Data block section start
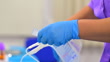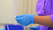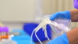 Medical professional wearing gloves carefully assembling a sterile blood bag or a peritoneal dialysis bag in a clean hospital room with a blurred background
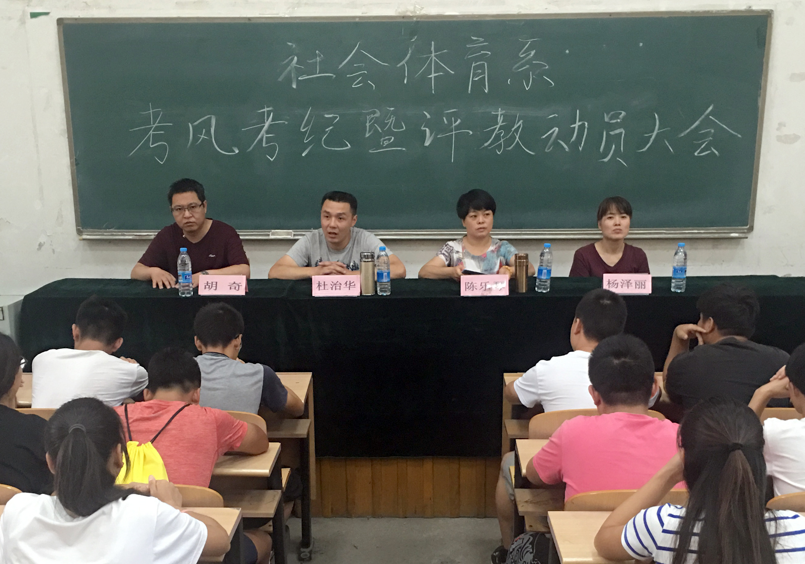 让舞弊远离校园,让诚信常驻心中。在学期末来临之际,社会体育系于6月20日上午10:30在阶一教室召开了考风考纪暨评教动员大会。社会体育系主任陈乐琴老师、副主任杜治华老师以及社会体育系各班辅导员和全体同学们参加本了本次会议。
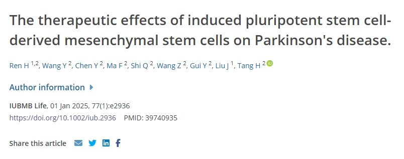 2025年1月1號,湖南大學(xué)化學(xué)化工學(xué)院進(jìn)行了一項(xiàng)誘導(dǎo)多能干細(xì)胞衍生的間充質(zhì)干細(xì)胞治療帕金森病小鼠模型的研究。該研究結(jié)果發(fā)表在“IUBMB Life”研究主頁。
Data block section end
- [What needs to be done]
Pictures must be left out. Repeat exactly the lines from the one containing "让舞弊远离校园,让诚信常驻心" through the final line of the data.

- [Problem solution]
 让舞弊远离校园,让诚信常驻心中。在学期末来临之际,社会体育系于6月20日上午10:30在阶一教室召开了考风考纪暨评教动员大会。社会体育系主任陈乐琴老师、副主任杜治华老师以及社会体育系各班辅导员和全体同学们参加本了本次会议。
 2025年1月1號,湖南大學(xué)化學(xué)化工學(xué)院進(jìn)行了一項(xiàng)誘導(dǎo)多能干細(xì)胞衍生的間充質(zhì)干細(xì)胞治療帕金森病小鼠模型的研究。該研究結(jié)果發(fā)表在“IUBMB Life”研究主頁。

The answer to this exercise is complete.